Par acte sous seing privé en date du 8 octobre 2021, Madame [Y] [K] a donné en location à Monsieur [G] [I] un logement à usage d’habitation sis [Adresse 1] à [Localité 6] moyennant le versement d’un loyer mensuel actualisé de 370,37 euros, charges comprises.
Par acte de commissaire de justice en date du 29 mars 2024, Madame [Y] [K] a fait délivrer Monsieur [G] [I] un congé pour vente du logement.
Par ordonnance en date du 12 décembre 2024, le juge des tutelles du tribunal judiciaire de LORIENT a déchargé ELIANCE de ses fonctions et à désigné l’UDAF 56 en lieu et place/
Par actes de commissaire de justice en date des 18 et 20 décembre 2024, Madame [Y] [K] a fait assigner Monsieur [G] [I] et ELLIANCE, en sa qualité de curateur de Monsieur [G] [I] devant le juge des contentieux de la protection du tribunal judiciaire de LORIENT pour l’audience du 16 janvier 2025 aux fins d’obtenir de ladite juridiction de:
— constater la validité du congé et en conséquence l’occupation sans droit ni titre par Monsieur [G] [I] du logement loué,
— ordonner l’expulsion de Monsieur [G] [I] et de tous occupants de son chef au besoin avec l’assistance de la force publique du logement,
— condamner Monsieur [G] [I] à lui payer une indemnité d’occupation égale au montant du loyer réindexé et des charges et des revalorisations postérieures, et jusqu’à la libération effective des lieux,
— condamner Monsieur [G] [I] à lui payer la somme de 700 euros au titre de l’article 700 du code de procédure civile,
— condamner Monsieur [G] [I] au paiement des entiers dépens qui comprendront le coût de la présente assignation, sur le fondement de l’article 696 du code de procédure civile,
— assortir la décision à intervenir de l’exécution provisoire sur le fondement de l’article 514 du code de procédure civile.
Pour les motifs exposés lors de l’audience du 13 mars 2025, Madame [Y] [K], comparante en personne, a indiqué maintenir l’ensemble de ses demandes. Elle a expliqué attendre de récupérer son bien immobilier pour pouvoir le vendre et s’opposer en conséquence à toute demande de délais.

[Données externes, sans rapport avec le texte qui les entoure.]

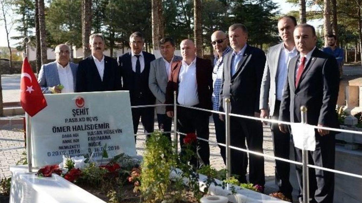 A. Konyaspor yönetim kurulu, 15 Temmuz darbe girişimi sırasında şehit olan vatan kahramanlarından Astsubay Ömer Halisdemir’in mezarını ziyaret etti.Kulübe ait otobüsle Niğde’nin Çukurkuyu Beldesine giden Konyaspor Kulüp Başkanı Ahmet Şan, yöneticiler Fatih Yılmaz, Ahmet Baydar, Ali Karaçayır, Abdullah Şanlı ve Ömer Zeren Çukurkuyu Belediye Başkanı İleri Koçak’ı ziyaret etti. Ahmet Şan, Ömer Halisdemir’in okul arkadaşı olan Çukurkuyu Belediye Başkanı İleri Koçak’ı, Halisdemir’in ailesiyle birlikte Konya’da oynanacak bir maçta misafir etmek istediklerini söyledi. Ziyaret çıkışında çocuklara Konyaspor ürünlerinden hediye eden yöneticiler Ömer Halisdemir’in mezarına geçti. Şehidin mezarı başında dua eden Konyasporlu yöneticiler şehidin ağabeyi Doğan Halisdemir ile bir süre sohbet etti.Ömer Halisdemir’in 15 Temmuz kalkışmasının sonlandırılması adına atılan ilk kıvılcımın sahibi olduğuna işaret eden Kulüp Başkanı Ahmet Şan, "Ne mutlu size böyle bir kardeşe sahipsiniz. Ne mutlu bize böyle bir kahraman vatan evladına sahibiz. Acınızı tüm ülke ve Türk halkı gibi paylaşıyoruz. Elimizden geleni her zaman yapacağımızdan şüpheniz olmasın. Sizleri en yakın ve uygun olduğunuz zamanda Konya’da misafir etmekten gurur ve onur duyacağız" dedi.Şehidin ağabeyi Doğan Halisdemir ise, vatanın bölünmez bütünlüğü adına şehit olan herkesin birer kahraman olduğunu belirterek, "Ömer ve diğerleri bu ülkenin selameti adına canlarını hiç düşünmeden feda ederek şehitlik mertebesine ulaştılar. Artık hainler bu ülkenin bölünmeyeceğini ve Türk halkının gücünü gördü. Vatan sağolsun. Bir değil binlerce Ömerler bu vatana feda olsun" diye konuştu.Ahmet Şan ziyarette Doğan Halisdemir’e Ömer Halisdemir yazılı 42 numaralı Konyaspor forması hediye etti.

Pour les motifs exposés lors de l’audience, Monsieur [G] [I] , et l’UDAF DU MORBIHAN , représentés par leur conseil, qui a sollicité le bénéfice de ses entières écritures, a demandé à la juridiction de:
— lui accorder un délai de 8 mois pour quitter les lieux sis [Adresse 1] à [Localité 5],
— fixer l’indemnité d’occupation due par Monsieur [G] [I] depuis le 7 novembre 2024 et jusqu’à la libération effective des lieux à la somme de 325,37 euros à laquelle il faut ajouter la provision sur charge de 45 euros, soit 370,37 euros par mois, montant dont il convient de déduire l’APL,
— débouter Madame [Y] [K] de ses demandes plus amples ou contraires,
— statuer ce que de droit sur les dépens.
MOTIFS DE LA DÉCISION:
Sur la validité du congé délivré:
Selon l’article 15 de la loi du 6 juillet 1989 tendant à l’amélioration des rapports locatifs, lorsque le bailleur donne congé à son locataire, ce congé doit être justifié soit par sa décision de reprendre ou de vendre le logement, soit par un motif légitime et sérieux, notamment l’inexécution par le locataire de l’une des obligations lui incombant. A peine de nullité, le congé donné par le bailleur doit indiquer le motif allégué et, en cas de reprise, les nom et adresse du bénéficiaire de la reprise ainsi que la nature du lien existant entre le bailleur et le bénéficiaire de la reprise qui ne peut être que le bailleur, son conjoint, le partenaire auquel il est lié par un pacte civil de solidarité enregistré à la date du congé, son concubin notoire depuis au moins un an à la date du congé, ses ascendants, ses descendants ou ceux de son conjoint, de son partenaire ou de son concubin notoire. Lorsqu’il donne congé à son locataire pour reprendre le logement, le bailleur justifie du caractère réel et sérieux de sa décision de reprise. Le délai de préavis applicable au congé est de six mois lorsqu’il émane du bailleur.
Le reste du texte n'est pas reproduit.